== Segment start ==
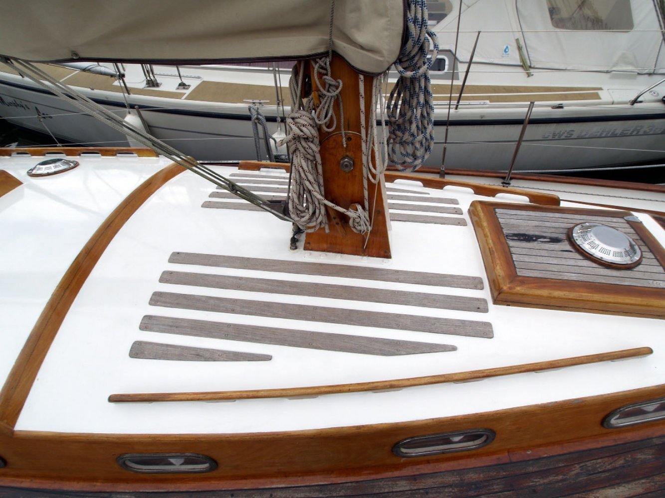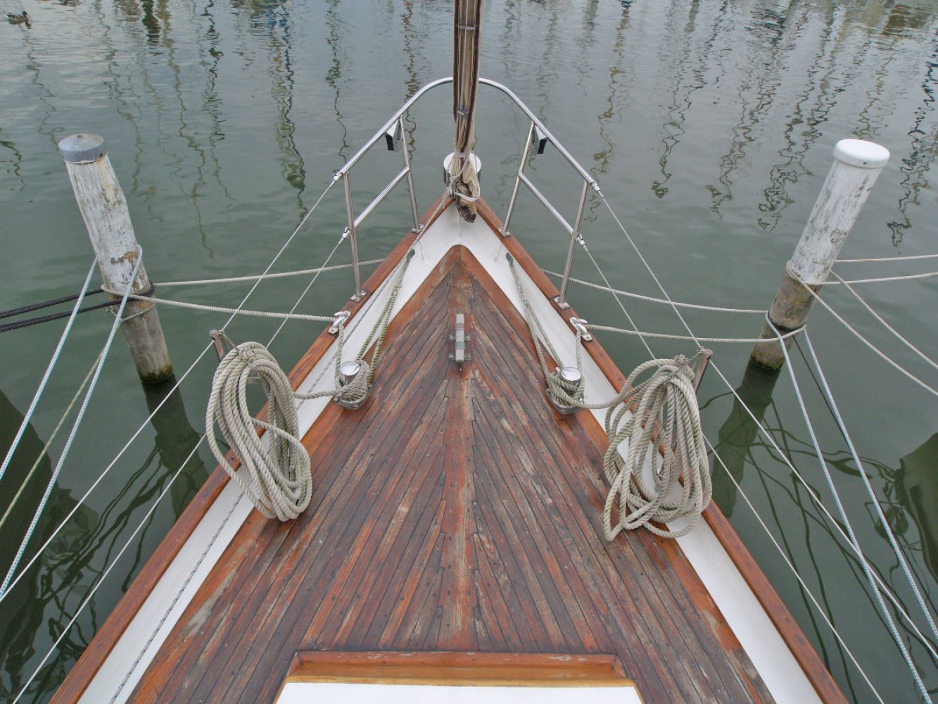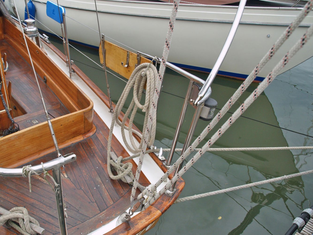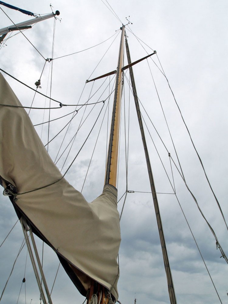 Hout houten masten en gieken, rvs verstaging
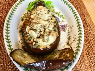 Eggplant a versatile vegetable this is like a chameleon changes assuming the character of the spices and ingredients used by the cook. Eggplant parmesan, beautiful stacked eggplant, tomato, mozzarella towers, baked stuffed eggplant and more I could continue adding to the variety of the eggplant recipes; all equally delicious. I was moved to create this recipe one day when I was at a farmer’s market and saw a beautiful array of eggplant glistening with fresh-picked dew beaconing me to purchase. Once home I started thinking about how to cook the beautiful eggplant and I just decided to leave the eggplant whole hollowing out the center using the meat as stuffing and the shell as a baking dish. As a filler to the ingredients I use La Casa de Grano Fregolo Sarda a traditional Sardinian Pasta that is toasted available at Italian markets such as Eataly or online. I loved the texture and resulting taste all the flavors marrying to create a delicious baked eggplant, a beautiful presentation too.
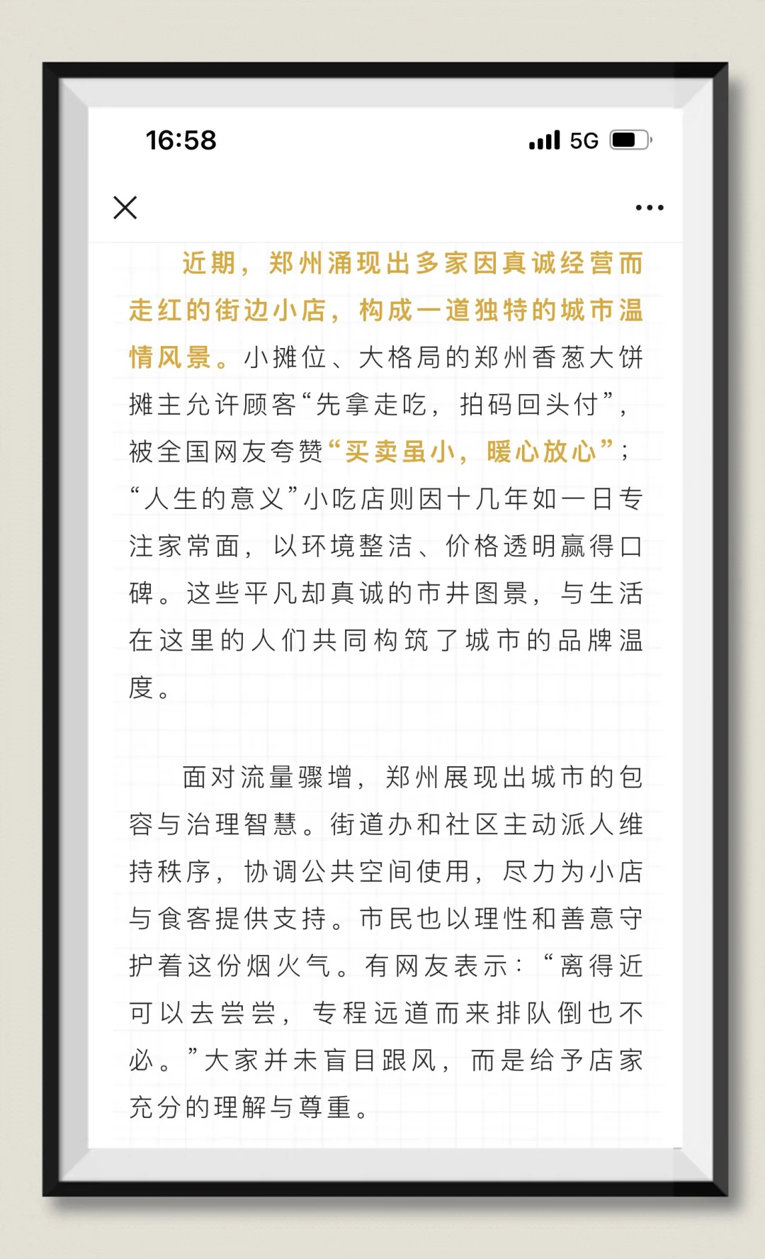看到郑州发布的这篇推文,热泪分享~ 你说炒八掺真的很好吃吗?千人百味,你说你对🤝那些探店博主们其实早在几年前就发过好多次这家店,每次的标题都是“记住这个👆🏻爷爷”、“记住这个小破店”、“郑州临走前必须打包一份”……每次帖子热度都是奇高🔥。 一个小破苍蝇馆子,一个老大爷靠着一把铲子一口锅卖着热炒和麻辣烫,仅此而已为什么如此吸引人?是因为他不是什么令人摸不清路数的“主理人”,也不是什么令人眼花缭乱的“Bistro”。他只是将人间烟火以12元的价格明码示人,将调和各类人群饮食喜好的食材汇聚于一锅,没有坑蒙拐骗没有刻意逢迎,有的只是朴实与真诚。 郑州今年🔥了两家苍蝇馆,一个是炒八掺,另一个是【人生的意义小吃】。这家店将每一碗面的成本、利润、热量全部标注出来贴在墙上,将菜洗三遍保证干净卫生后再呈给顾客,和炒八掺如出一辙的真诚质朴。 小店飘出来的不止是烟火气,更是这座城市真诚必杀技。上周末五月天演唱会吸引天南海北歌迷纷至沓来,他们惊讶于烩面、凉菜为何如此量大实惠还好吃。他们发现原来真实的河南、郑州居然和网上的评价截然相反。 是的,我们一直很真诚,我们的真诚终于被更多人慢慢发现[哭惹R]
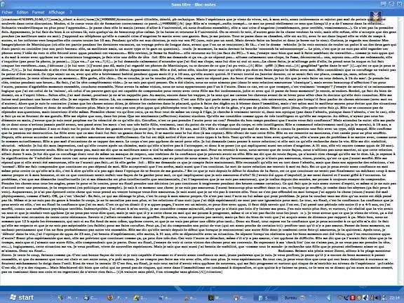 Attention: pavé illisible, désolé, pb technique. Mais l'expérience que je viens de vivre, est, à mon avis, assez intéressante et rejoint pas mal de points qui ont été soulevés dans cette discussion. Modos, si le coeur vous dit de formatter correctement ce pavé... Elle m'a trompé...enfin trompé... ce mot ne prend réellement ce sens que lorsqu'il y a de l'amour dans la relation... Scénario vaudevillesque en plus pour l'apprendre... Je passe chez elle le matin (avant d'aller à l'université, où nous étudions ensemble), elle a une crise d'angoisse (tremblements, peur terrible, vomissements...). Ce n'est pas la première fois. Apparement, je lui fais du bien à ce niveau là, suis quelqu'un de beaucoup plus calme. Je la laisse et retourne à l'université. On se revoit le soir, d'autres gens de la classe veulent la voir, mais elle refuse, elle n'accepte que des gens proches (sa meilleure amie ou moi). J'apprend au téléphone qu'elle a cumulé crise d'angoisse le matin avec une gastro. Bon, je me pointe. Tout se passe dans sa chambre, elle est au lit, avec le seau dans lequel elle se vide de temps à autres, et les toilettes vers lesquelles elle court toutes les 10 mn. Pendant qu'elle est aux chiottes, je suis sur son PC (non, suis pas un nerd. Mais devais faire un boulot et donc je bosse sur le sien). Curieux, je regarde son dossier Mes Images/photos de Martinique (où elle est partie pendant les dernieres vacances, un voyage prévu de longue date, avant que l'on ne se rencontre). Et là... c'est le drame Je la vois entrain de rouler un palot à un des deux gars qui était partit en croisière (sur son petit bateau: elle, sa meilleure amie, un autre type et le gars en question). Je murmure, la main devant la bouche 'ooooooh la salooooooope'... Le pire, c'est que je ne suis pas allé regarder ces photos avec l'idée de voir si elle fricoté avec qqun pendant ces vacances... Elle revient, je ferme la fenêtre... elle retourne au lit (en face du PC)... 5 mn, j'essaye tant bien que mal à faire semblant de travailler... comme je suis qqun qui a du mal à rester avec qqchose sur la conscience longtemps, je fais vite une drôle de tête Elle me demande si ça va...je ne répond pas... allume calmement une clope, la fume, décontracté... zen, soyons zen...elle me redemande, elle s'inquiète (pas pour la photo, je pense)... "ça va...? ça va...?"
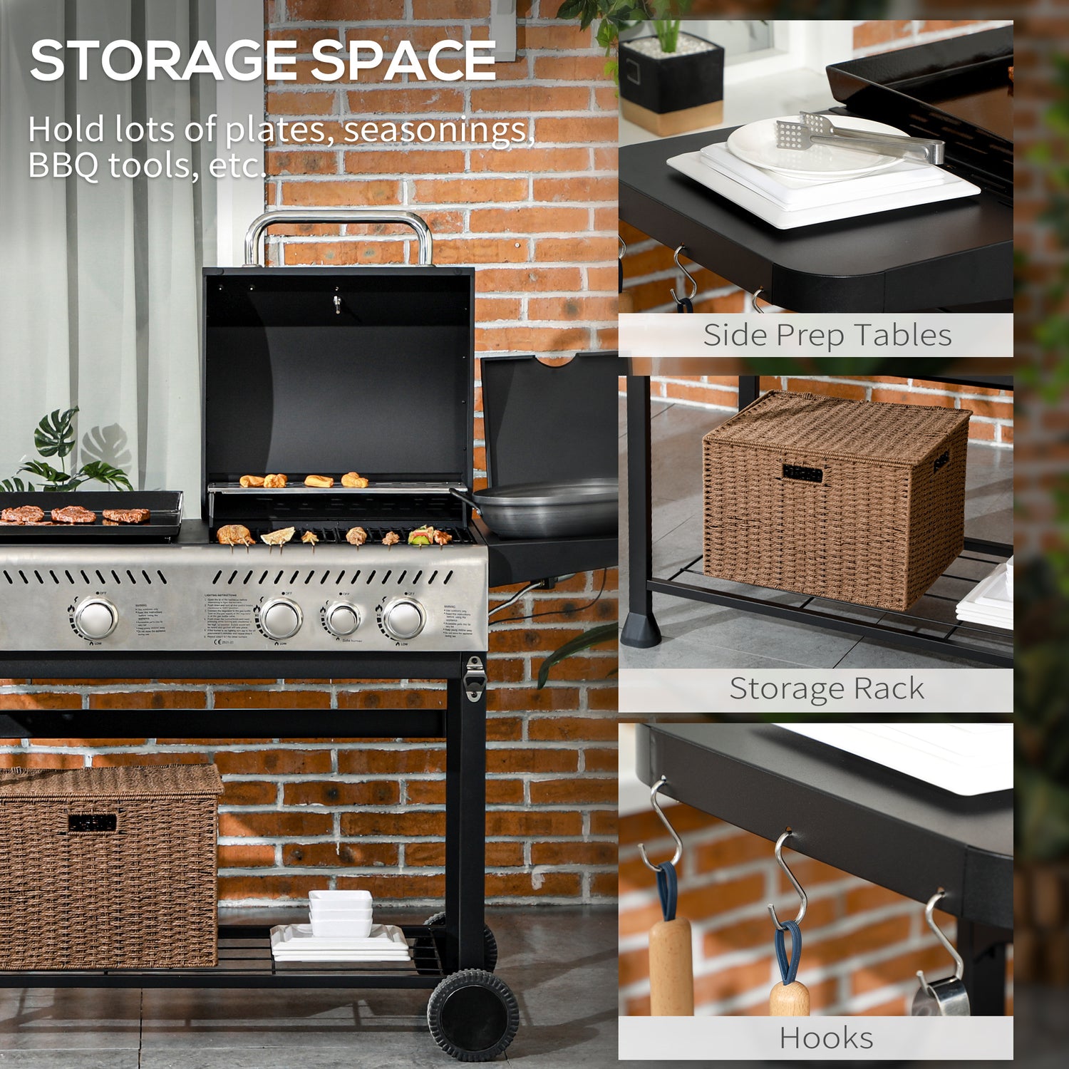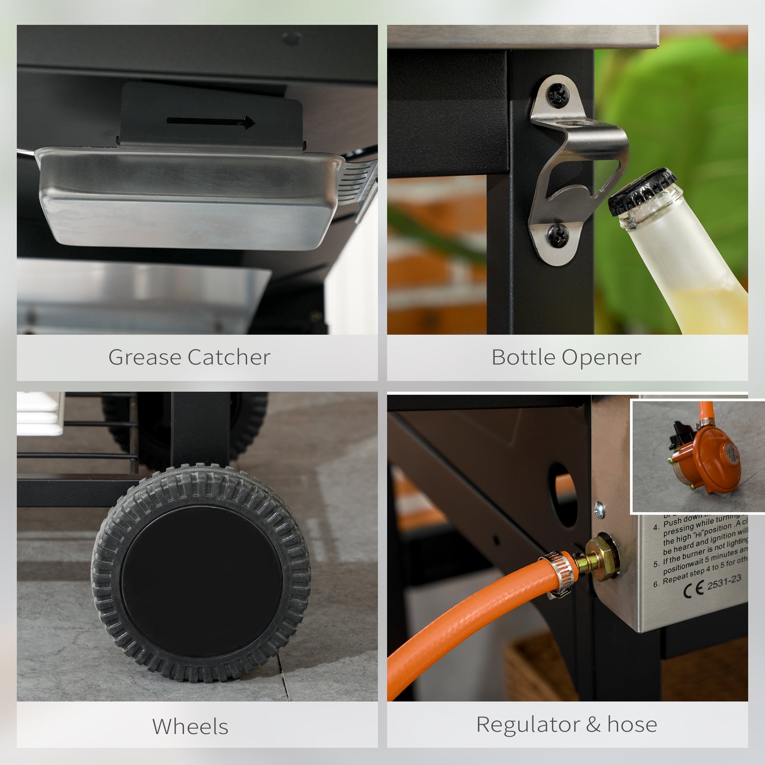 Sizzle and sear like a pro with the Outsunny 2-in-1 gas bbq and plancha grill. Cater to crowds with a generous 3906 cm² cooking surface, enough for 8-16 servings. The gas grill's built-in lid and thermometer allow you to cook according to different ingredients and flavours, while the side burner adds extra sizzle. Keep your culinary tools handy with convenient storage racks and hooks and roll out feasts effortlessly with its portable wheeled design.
== Segment end ==
## What to work on
Give every record again without changing a word. Exclude the pictures.

## Solved problem
 Hout houten masten en gieken, rvs verstaging
 Eggplant a versatile vegetable this is like a chameleon changes assuming the character of the spices and ingredients used by the cook. Eggplant parmesan, beautiful stacked eggplant, tomato, mozzarella towers, baked stuffed eggplant and more I could continue adding to the variety of the eggplant recipes; all equally delicious. I was moved to create this recipe one day when I was at a farmer’s market and saw a beautiful array of eggplant glistening with fresh-picked dew beaconing me to purchase. Once home I started thinking about how to cook the beautiful eggplant and I just decided to leave the eggplant whole hollowing out the center using the meat as stuffing and the shell as a baking dish. As a filler to the ingredients I use La Casa de Grano Fregolo Sarda a traditional Sardinian Pasta that is toasted available at Italian markets such as Eataly or online. I loved the texture and resulting taste all the flavors marrying to create a delicious baked eggplant, a beautiful presentation too.
看到郑州发布的这篇推文,热泪分享~ 你说炒八掺真的很好吃吗?千人百味,你说你对🤝那些探店博主们其实早在几年前就发过好多次这家店,每次的标题都是“记住这个👆🏻爷爷”、“记住这个小破店”、“郑州临走前必须打包一份”……每次帖子热度都是奇高🔥。 一个小破苍蝇馆子,一个老大爷靠着一把铲子一口锅卖着热炒和麻辣烫,仅此而已为什么如此吸引人?是因为他不是什么令人摸不清路数的“主理人”,也不是什么令人眼花缭乱的“Bistro”。他只是将人间烟火以12元的价格明码示人,将调和各类人群饮食喜好的食材汇聚于一锅,没有坑蒙拐骗没有刻意逢迎,有的只是朴实与真诚。 郑州今年🔥了两家苍蝇馆,一个是炒八掺,另一个是【人生的意义小吃】。这家店将每一碗面的成本、利润、热量全部标注出来贴在墙上,将菜洗三遍保证干净卫生后再呈给顾客,和炒八掺如出一辙的真诚质朴。 小店飘出来的不止是烟火气,更是这座城市真诚必杀技。上周末五月天演唱会吸引天南海北歌迷纷至沓来,他们惊讶于烩面、凉菜为何如此量大实惠还好吃。他们发现原来真实的河南、郑州居然和网上的评价截然相反。 是的,我们一直很真诚,我们的真诚终于被更多人慢慢发现[哭惹R]
 Attention: pavé illisible, désolé, pb technique. Mais l'expérience que je viens de vivre, est, à mon avis, assez intéressante et rejoint pas mal de points qui ont été soulevés dans cette discussion. Modos, si le coeur vous dit de formatter correctement ce pavé... Elle m'a trompé...enfin trompé... ce mot ne prend réellement ce sens que lorsqu'il y a de l'amour dans la relation... Scénario vaudevillesque en plus pour l'apprendre... Je passe chez elle le matin (avant d'aller à l'université, où nous étudions ensemble), elle a une crise d'angoisse (tremblements, peur terrible, vomissements...). Ce n'est pas la première fois. Apparement, je lui fais du bien à ce niveau là, suis quelqu'un de beaucoup plus calme. Je la laisse et retourne à l'université. On se revoit le soir, d'autres gens de la classe veulent la voir, mais elle refuse, elle n'accepte que des gens proches (sa meilleure amie ou moi). J'apprend au téléphone qu'elle a cumulé crise d'angoisse le matin avec une gastro. Bon, je me pointe. Tout se passe dans sa chambre, elle est au lit, avec le seau dans lequel elle se vide de temps à autres, et les toilettes vers lesquelles elle court toutes les 10 mn. Pendant qu'elle est aux chiottes, je suis sur son PC (non, suis pas un nerd. Mais devais faire un boulot et donc je bosse sur le sien). Curieux, je regarde son dossier Mes Images/photos de Martinique (où elle est partie pendant les dernieres vacances, un voyage prévu de longue date, avant que l'on ne se rencontre). Et là... c'est le drame Je la vois entrain de rouler un palot à un des deux gars qui était partit en croisière (sur son petit bateau: elle, sa meilleure amie, un autre type et le gars en question). Je murmure, la main devant la bouche 'ooooooh la salooooooope'... Le pire, c'est que je ne suis pas allé regarder ces photos avec l'idée de voir si elle fricoté avec qqun pendant ces vacances... Elle revient, je ferme la fenêtre... elle retourne au lit (en face du PC)... 5 mn, j'essaye tant bien que mal à faire semblant de travailler... comme je suis qqun qui a du mal à rester avec qqchose sur la conscience longtemps, je fais vite une drôle de tête Elle me demande si ça va...je ne répond pas... allume calmement une clope, la fume, décontracté... zen, soyons zen...elle me redemande, elle s'inquiète (pas pour la photo, je pense)... "ça va...? ça va...?"
 Sizzle and sear like a pro with the Outsunny 2-in-1 gas bbq and plancha grill. Cater to crowds with a generous 3906 cm² cooking surface, enough for 8-16 servings. The gas grill's built-in lid and thermometer allow you to cook according to different ingredients and flavours, while the side burner adds extra sizzle. Keep your culinary tools handy with convenient storage racks and hooks and roll out feasts effortlessly with its portable wheeled design.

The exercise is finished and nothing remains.